— На улице морозец, — обрадованно сообщила Светлана Андреевна, — и снег пошел. С другой стороны, чему удивляться. На дворе‑то ноябрь. Надеюсь, в Новый год тоже метель будет, нехорошо, когда Дед Мороз в дождь приходит. Люблю, когда тридцать первого декабря с неба падают огромные хлопья. Вокруг тихо, снег валит, деревья белые, под ногами поскрипывает, воздух свежий, пахнет антоновскими яблоками, мороз за щеки кусает. Вот это красота! А если вода с неба льет, под ногами слякоть, оттепель, нет ощущения праздника. Согласны со мной, Иван Павлович?
Я посмотрел на легкие туфельки женщины, окинул взглядом ее тонкое платье с передником и укоризненно сказал:
— Насчет погоды вы совершенно правы, а вот в отношении одежды нет. Нельзя выходить в ноябре на улицу в летней обуви и без пальто. Подхватите воспаление легких, угодите в больницу.
— Да я только до помойки с пакетом добежала, — легкомысленно отмахнулась Светлана Андреевна. — Поленилась куртку и сапоги натягивать, это ж надо в прихожую топать, верхнюю одежду застегивать, обувь шнуровать, потом назад к вешалке скакать. Заморачиваться не хотелось. Туда‑сюда за пять минут слетала, замерзнуть не успела.
— До забора идти дольше, — ввязался я в пустой спор. — Надежда Васильевна иногда по четверти часа отсутствовала.
Домработница пригладила волосы и начала старательно вытирать балетки о положенный у двери половичок.

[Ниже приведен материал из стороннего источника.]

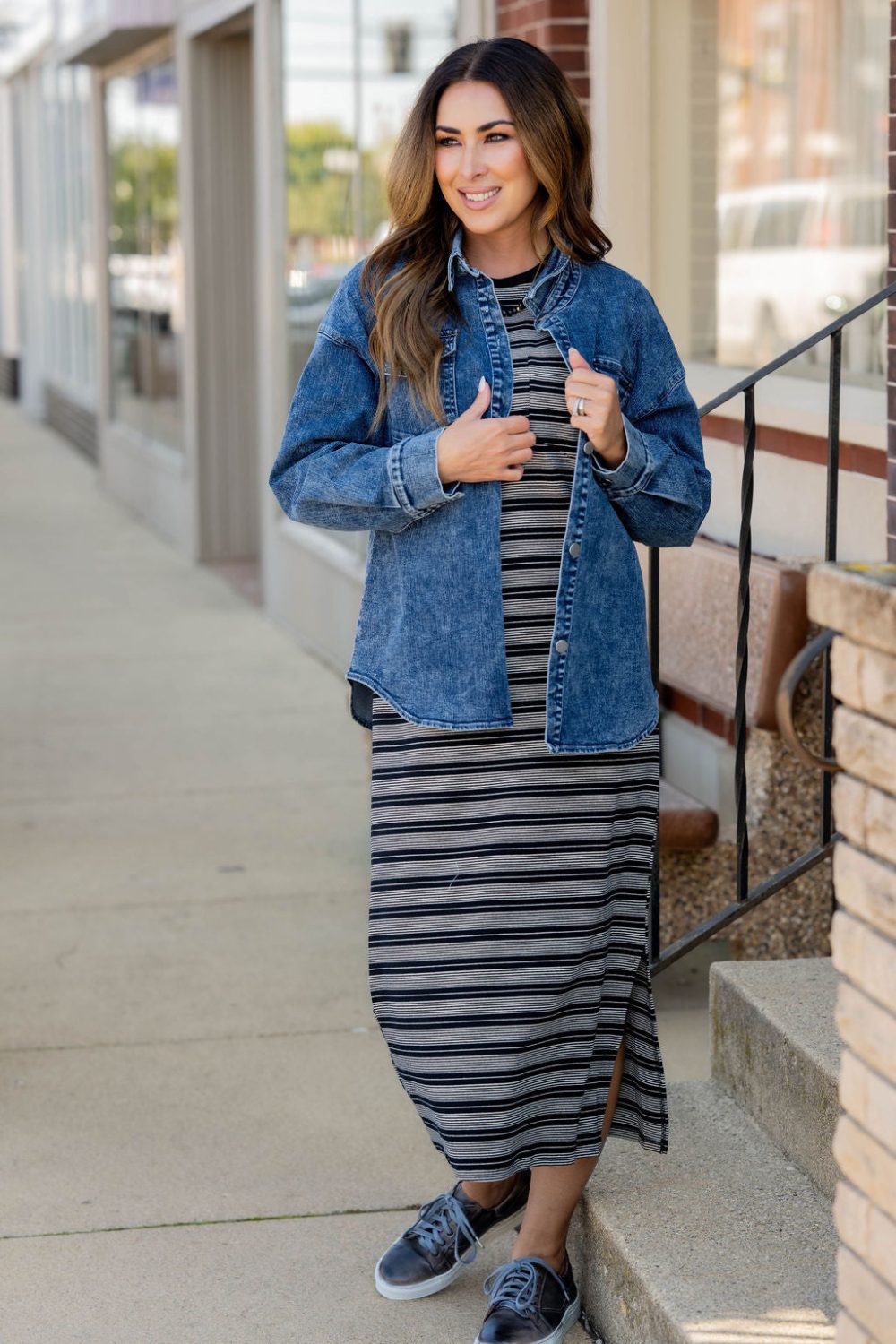 Basic enough to dress up or down to fit your style, but bold enough to stand out on its own! This dress features a maxi length, making it appropriate for the office, the classroom, or Sunday service but also features a side slit that gives a fun and flirty vibe! This dress can be worn alone for the warmer months but can easily be paired with a denim jacket or cardigan for the cooler ones! With so many ways to style, we just know this dress will surely become a staple piece in your closet!

— Так ей сколько лет стукнуло? Наверное, артритом страдала, колени болели, сердце подводило. И отдохнуть хотела, поэтому шла медленно, воздухом дышала. Я моложе, неудобств при ходьбе не испытываю, слетала мигом. Хотите какао?
Я почему‑то никак не мог оторвать взгляда от легких темно‑коричневых туфелек домработницы. Балетки переобувать она не пожелала, куртку не надела… Почему пустяковая информация кажется мне крайне важной? Может…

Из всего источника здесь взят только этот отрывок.